Thursday, March 7, 2013

Gun Control and Wounded Knee


                The liberty principle for this Freedom Friday is the simple fact that United States troops have fired upon Americans when ordered to do so by the politicians in Washington, D.C.  The massacre of Sioux Indians on the banks of Wounded Knee Creek is just one example of what happens when the “government” wants to “protect” people from themselves or from concern for society as a whole.  Other modern examples are the shootout at Ruby Ridge and the explosion/fire at Waco, Texas. 

Today we will learn about Wounded Knee, one of the very first attempts by the U.S. government to control guns.  The massacre there took place because the army was sent to confiscate the Indian’s rifles. 

                The massacre at Wounded Knee Creek in South Dakota took place on December 29, 1890.  Many Sioux were camped on the banks of the creek that morning, including Chief Big Foot and about 350 tribal members.  U.S. troops surrounded the camp; they had been charged with the responsibility to arrest Big Food and to disarm his warriors.  There had been trouble brewing for several months.

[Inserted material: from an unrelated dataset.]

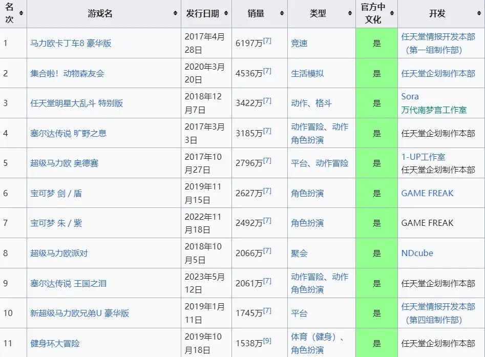 如果参照目前的Nintendo Switch平台,销量超过3000万的游戏为:《马力欧赛车8》、《动物森友会》、《任天堂大明星大乱斗特别版》、《塞尔达传说:旷野之息》

                The Sioux had once been a proud people who roamed freely over the plains hunting buffalo and living in freedom; then the United States government confined them to reservations and made them dependent on Indian Agents for their necessities.  The Sioux longed for their old life and were desperate to return to their glory days.  The Sioux heard of a Paiute shaman called Wovoka in Nevada who was preaching a new mysticism and sent emissaries to listen to his words.

                “Wovoka called himself the Messiah and prophesied that the dead would soon join the living in a world in which the Indians could live in the old way surrounded by plentiful game.  A tidal wave of new soil would cover the earth, bury the whites, and restore the prairie.  To hasten the event, the Indians were to dance the Ghost Dance.  Many dancers wore brightly colored shirts emblazoned with images of eagles and buffaloes.  [They believed that] these `Ghost Shirts’ would protect them from the bluecoats’ bullets.  During the fall of 1890, the Ghost Dance spread through the Sioux villages of the Dakota reservations, revitalizing the Indians and bringing fear to the whites.  A desperate Indian Agent at Pine Ridge wired his superior in Washington, `The Indians are dancing in the snow and are wild and crazy …. We need protection and we need it now.  The leaders should be arrested and confined at some military post until the matter is quieted, and this should be done now.’  The order went out to arrest Chief Sitting Bull at the Standing Rock Reservation.  Sitting Bull was killed in the attempt on December 15.  Chief Big Foot was next on the list.”

                Big Foot, sick with pneumonia and dying, did not wait to be arrested but led his people south seeking protection at the Pine Ridge Reservation.  The U.S. troops intercepted the Sioux on December 28 and forced them to camp at the edge of the Wounded Knee Creek on December 28.  While Big Foot and his warriors were powwowing with the army officers in the early morning hours, a shot was heard.  The Indians grabbed their rifles, but soldiers “fired volley after volley into the Sioux camp.”  Grapeshot from the “Hotchkiss guns” fired by soldiers from heights above the camp tore through the Indian teepees.  Men, women, and children ran for their lives through the clouds of gun smoke.  Many of them tried to hide in a ravine close to the camp, but they were killed by “withering cross fire.”

                When the shooting stopped and the smoke cleared, Foot and approximately 300 Sioux Indians (other sites say 150) were dead while only 25 soldiers died.  A blizzard swept in from the North as the soldiers attempted to remove the dead bodies, and the task was postponed for a few days.  Some fighting continued in scattered places, but the Ghost Dance movement and the Indian Wars were basically ended at Wounded Knee Creek.

                The Framers of the Constitution and the Founders of our nation wrote the Second Amendment – the right to keep and bear arms – to give the people the right to defend themselves, their families, and their properties from either an invading army or from an oppressive government.  Anyone who believes that the Second Amendment was given to us for hunting or sporting purposes has not studied history.  In colonial times and longer, hunting was an everyday or weekly activity in order to put food on the table, and ammunition was too valuable to waste otherwise.  The colonists had just finished fighting an eight-year war against an oppressive government.  They understood the importance of guns and the ability of people to defend themselves against the government if necessary.  The massacre at Wounded Knee Creek is just one example of botched federal attempts to control guns.